Thomasville Police Chief John Letteney announced his retirement, according to WALB.
Chief John Letteney has served the department and the Thomasville area for three years. His final day as chief will be on January 12.
The search for a new chief is currently active. The city hopes to be in the final stages of hiring a new chief by the end of 2023.
“We have contracted with the Georgia Association of Police Chiefs to provide the initial assessment of our candidates and select those that are best suited to our position,” Thomasville City Manager Alan Carson said. “Our next step will be to conduct interviews with the finalists, which we hope to complete by early December.”
Columbus will begin building a new judicial building in 2026, according to WTVM.
The judicial building will consist of eight floors with 18 courtrooms and underground parking. The building is expected to cost around 185 million dollars. Those funds come from bonds sold and SPLOST tax dollars.
“We’ve been re-engineering this thing because when COVID drove all the costs up, we were wildly over budget we were like $50 million, and we just couldn’t do that,” said Mayor Skip Henderson. “So they’ve made a lot of different adjustments and one is to continue to use the wings and the former parking underneath and that way it’s going to save the taxpayers and also a lot of money.”
Mayor Henderson says it will still take some time for the Columbus Government Center to be torn down, but construction on the judicial building is expected to begin in 2026.
Steve Gasper joined the field for Gwinnett County Board of Education District Three, according to the Gwinnett Daily Post.
Steve Gasper announced his bid for the seat, which is currently held by school board member Mary Kay Murphy, on Wednesday. He is one of a handful of candidates — along with Domonique Cooper, Kirk Buis and Demetrius Nelson — who have said they will run for the seat in the May 2024 nonpartisan school board elections.
“I firmly believe that education is the cornerstone of our children’s future, and it’s time for us to come together as a community to ensure that every child receives the quality education they deserve,” Gasper said in a statement.

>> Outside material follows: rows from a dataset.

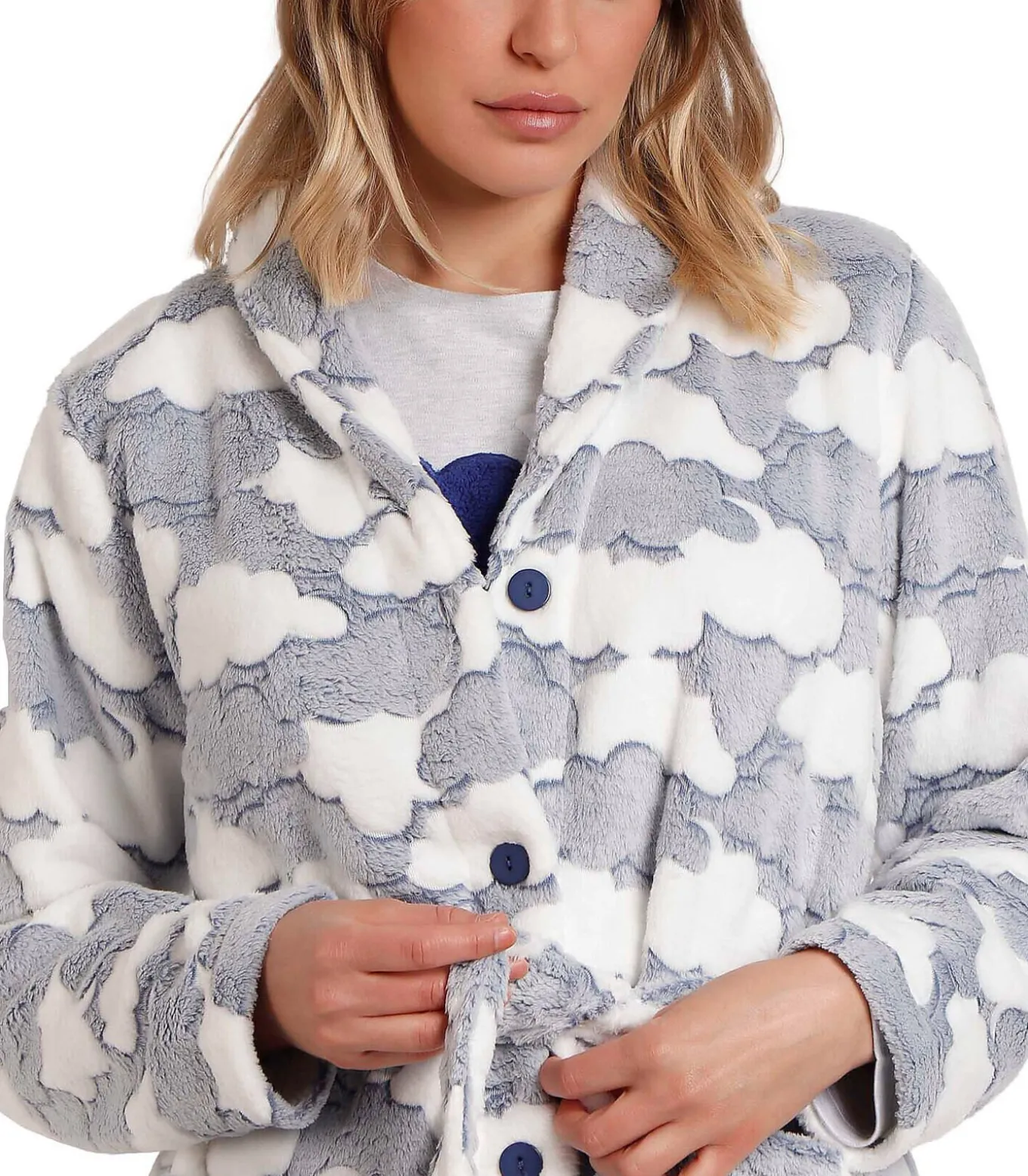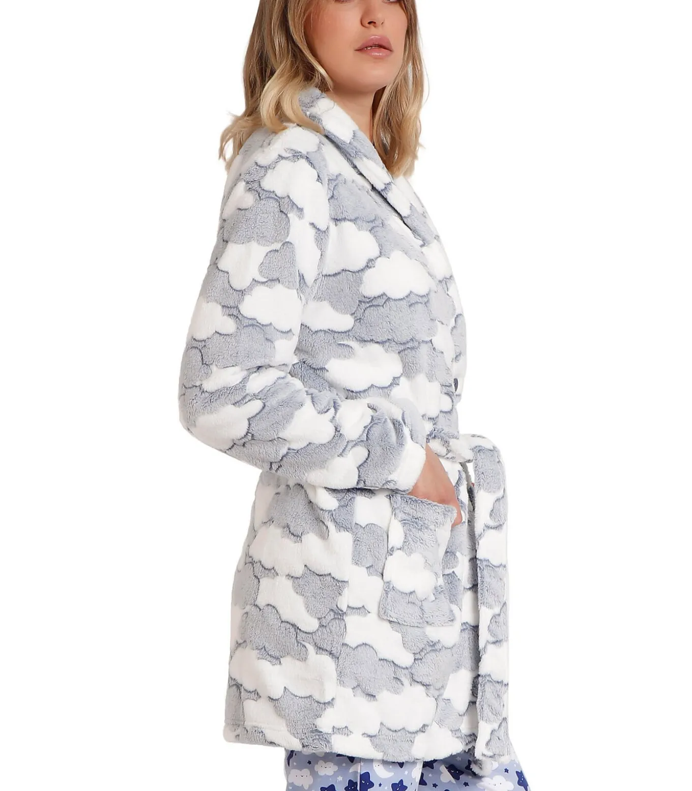 Zeer warme badjas van Corel fleece, met all–over wolkenpatroon. Hij heeft lange mouwen en praktische steekzakken. Hij kan dicht worden gedragen dankzij een ceintuur die in de taille kan worden geknoopt en een knoopsluiting aan de voorkant. Ultrazacht en comfortabel, perfect voor winteravonden of ontspannen dagen thuis.[Jurk wordt apart verkocht. De pyjama die het model op de foto’s draagt, is niet inbegrepen].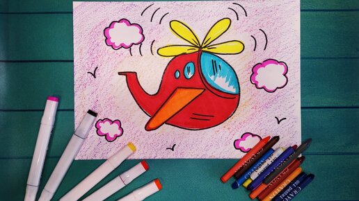 Как ребенку быстро нарисовать рисунок вертолет фломастерами. Рисуем транспорт по видеоуроку.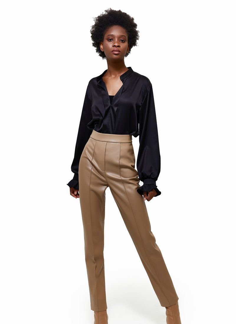 Black silk blouse with long sleeves, turn-down collar. This model will add a classic look to your image. The blouse looks great with both trousers and jeans.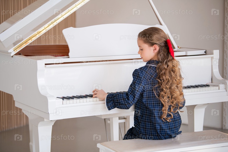 Девушка сидит за фортепиано и играет песню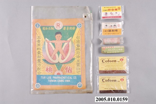 1.本件綜合藥品配置部「仙桃」寄藥包,共一組7件,包含藥品紀錄單1張、安東「克風錠」2包、特力「咳利鎮」1包、特力「痛你好」1包、新原「濟眾水」1瓶及「安寧」軟膏1條等6包藥品。六包藥品皆用透明塑膠袋密封保存,藥品紀錄單及厚質透明塑膠袋組合成寄藥袋,用來承裝寄放藥品,透明袋上一角有一孔可穿繩吊掛牆上。2.臺灣的寄藥包源自日本的「家庭配置」售藥制度,日治時期傳入臺灣。寄藥袋裡承裝各式家庭常見成藥,透過臺灣總督府衛生課認可的製藥所或藥房的派遣員將走訪城鄉,將寄藥袋寄放於各個家庭提供緊急治療時使用,並定期到府結帳與更換過期藥品,因為使用方便,價格合理,二戰後仍盛行,至1970年代臺灣醫療普及後逐漸式微。3.日治時期及二戰後初期寄藥袋為紙製,後期因為消費形態改變,寄藥次數減少,改為寄放罐裝或盒裝藥品,故逐漸演變改為更大的透明袋或其他提袋帶來承裝藥品。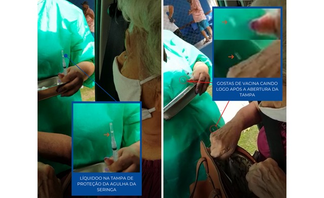 No vídeo, gravado pelo familiar da idosa no momento do atendimento, é possível notar que, antes mesmo da aplicação da dose no braço da paciente, há um líquido na tampa de proteção da agulha da seringa e, também nota-se que, quando a profissional retira a proteção, gotas caem logo na sequência. Desse modo, é possível constatar que houve um erro no manuseio da seringa que fez com que o líquido saísse antes da hora.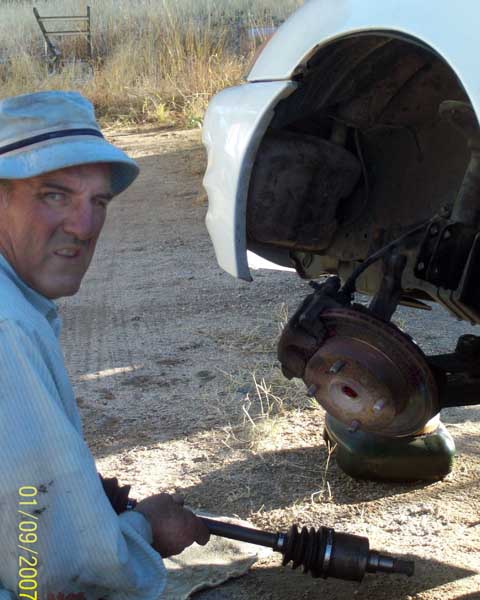 | After a couple of terse telephone conversations, Lady Luck smiled on me and I located a rebuilt transaxle in Tucson. Surprisingly enough, reassembly was unremarkable. But... One end of the transaxle sits in the transmission, such that removing it causes the loss of some oil. According to the manuel, the filler hole/level indicator is located on the front of the engine. Not so! Google located a site that placed it on the side of the transmission, and there is something there... but I don't own a tool capable of persuading the plug to budge. |

Gasper, a former vice chairman of the Gwinnett Republican Party, has spoken on numerous occasions at school board meetings over the last few years, often criticizing the leadership of the district under a Democrat majority on the school board. He is a former educator and a Boy Scout volunteer and baseball coach, and his family has lived in the Suwanee area since 2009. He and his wife, Kelly, are the parents of twins who are currently in the eighth grade in Gwinnett County Public Schools.